#### [Problem details]
Only the lines from the one containing "5キロ以上の本イシやクチジロ" to the end of the listing below should be returned, exactly as written and without pictures.

#### [Given material]
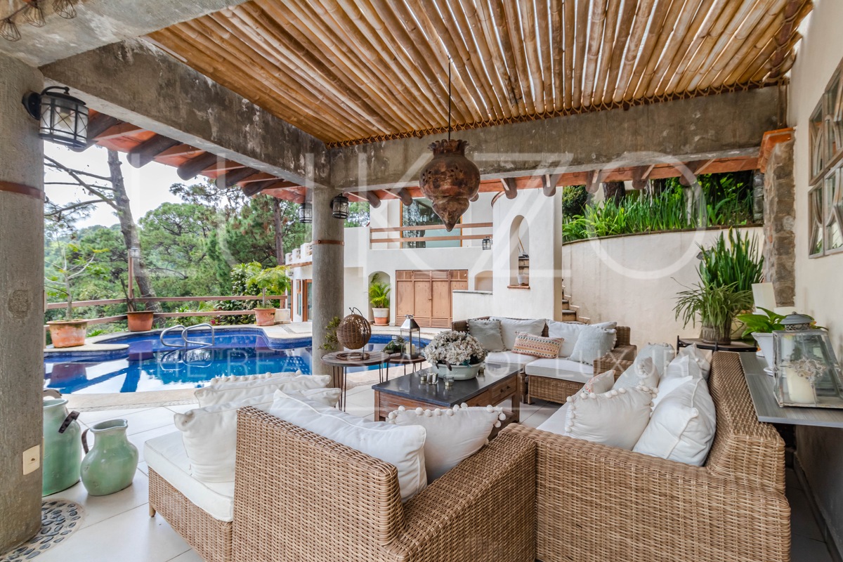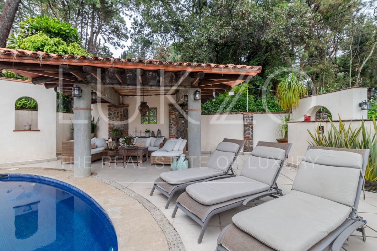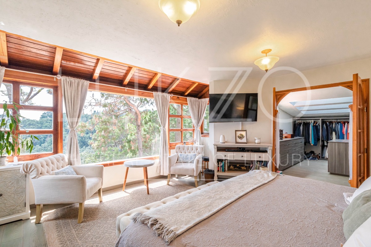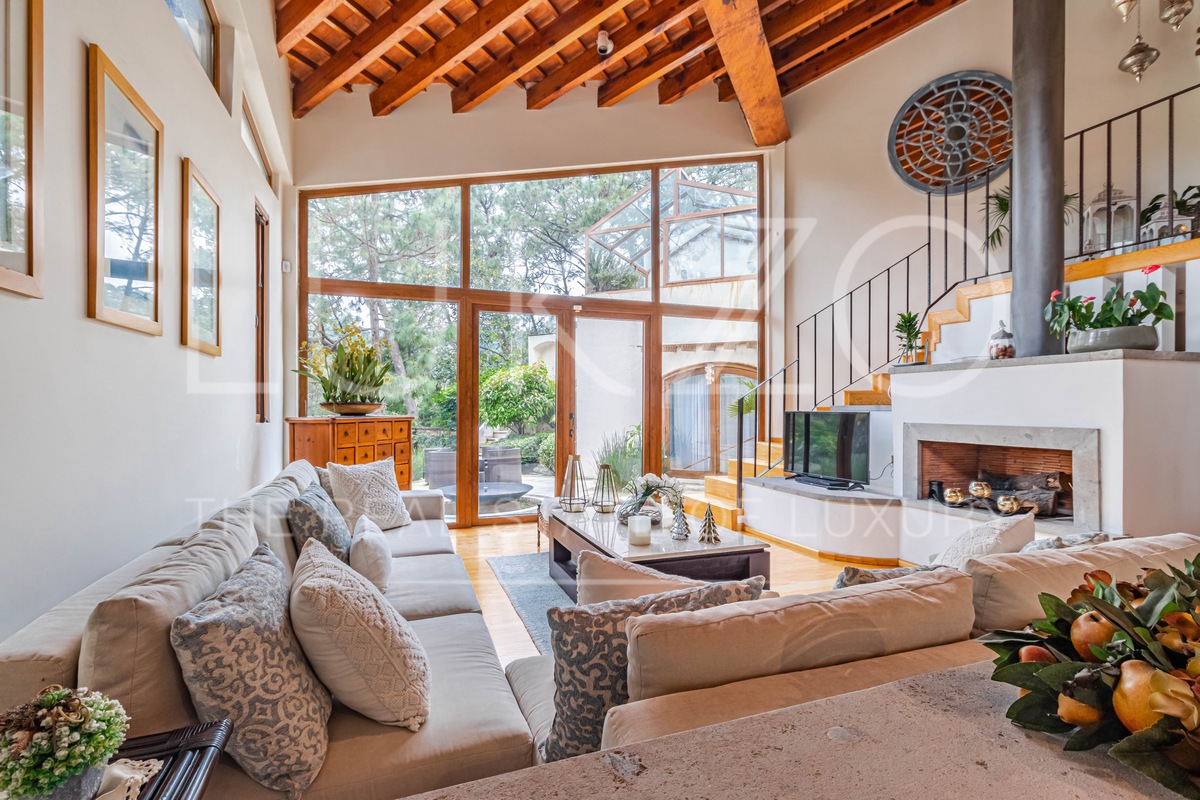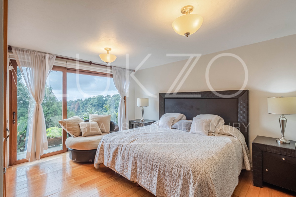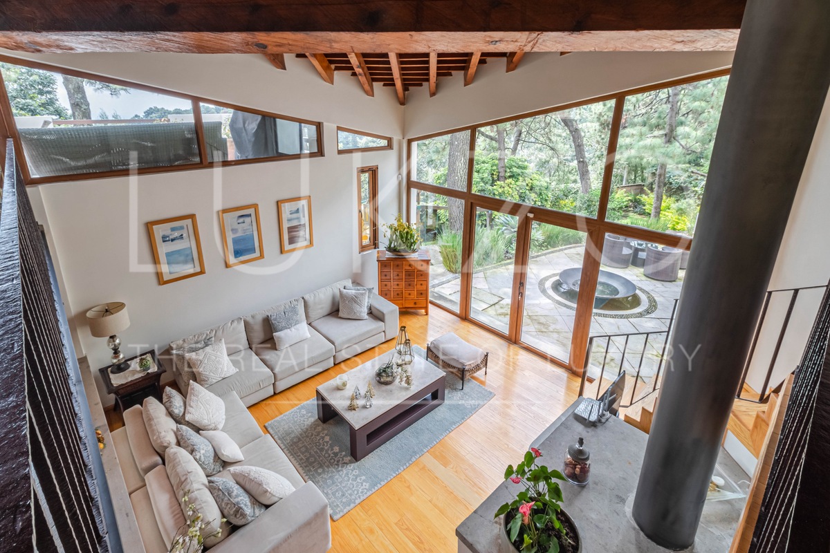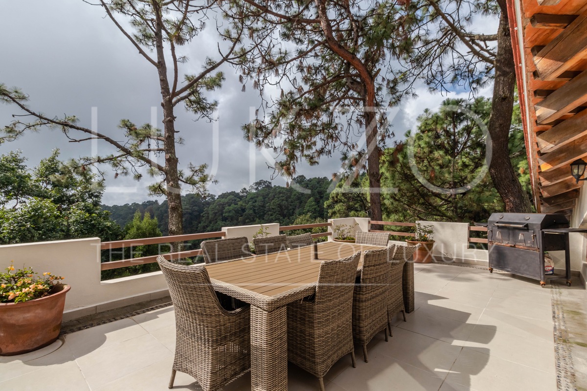 Ubicada en medio del bosque, esta residencia de tres niveles ofrece una experiencia de vida envuelta en naturaleza y panoramas incomparables. Sobre un terreno de 1,112 m² y con 520 m² de construcción, la casa combina diseño moderno con armonía natural. Desde sus múltiples terrazas, jardines y espacios abiertos se aprecian vistas espectaculares al entorno boscoso, que brindan tranquilidad, luz y frescura en cada rincón. Con cinco recámaras, cuatro baños y medio, sala, comedor, cocina equipada con barra, cuarto de servicio, bodega y lavandería, está pensada para el confort en familia. Entre sus amenidades destacan alberca climatizada, cisternas profundas, estacionamiento para tres autos y portón eléctrico, todo en perfecto estado de mantenimiento. Es el refugio ideal para quienes desean lujo, privacidad y contacto directo con la naturaleza sin renunciar a comodidades modernas en Cuernavaca.
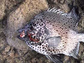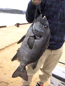 5キロ以上の本イシやクチジロでは、引きも半端ではありませんが、取り込みもかなり苦労します。とくに足場が高かったり、ズルズルと滑る磯では思うように行動できず、無念の涙を呑んだ方も多いでしょう。そんなときは、ギャフか玉網を持参するに限ります。イシダイ釣りは豪快さが売り物ゆえ、いちいち玉網で掬っていたのでは迫力に欠けるとも思われますが、千載一遇のチャンスを逃さないためにはこれらを準備しておくことです。
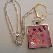 | Silver Tone 28mm square pendant on a 925 silver chain. Hand painted by unknown artist. The picture on this pendant was created using metallic media, the phot doe not show its true beauty. £12.50 inc UK p&p. Option: pinksquare |

#### [Answer]
 5キロ以上の本イシやクチジロでは、引きも半端ではありませんが、取り込みもかなり苦労します。とくに足場が高かったり、ズルズルと滑る磯では思うように行動できず、無念の涙を呑んだ方も多いでしょう。そんなときは、ギャフか玉網を持参するに限ります。イシダイ釣りは豪快さが売り物ゆえ、いちいち玉網で掬っていたのでは迫力に欠けるとも思われますが、千載一遇のチャンスを逃さないためにはこれらを準備しておくことです。
 | Silver Tone 28mm square pendant on a 925 silver chain. Hand painted by unknown artist. The picture on this pendant was created using metallic media, the phot doe not show its true beauty. £12.50 inc UK p&p. Option: pinksquare |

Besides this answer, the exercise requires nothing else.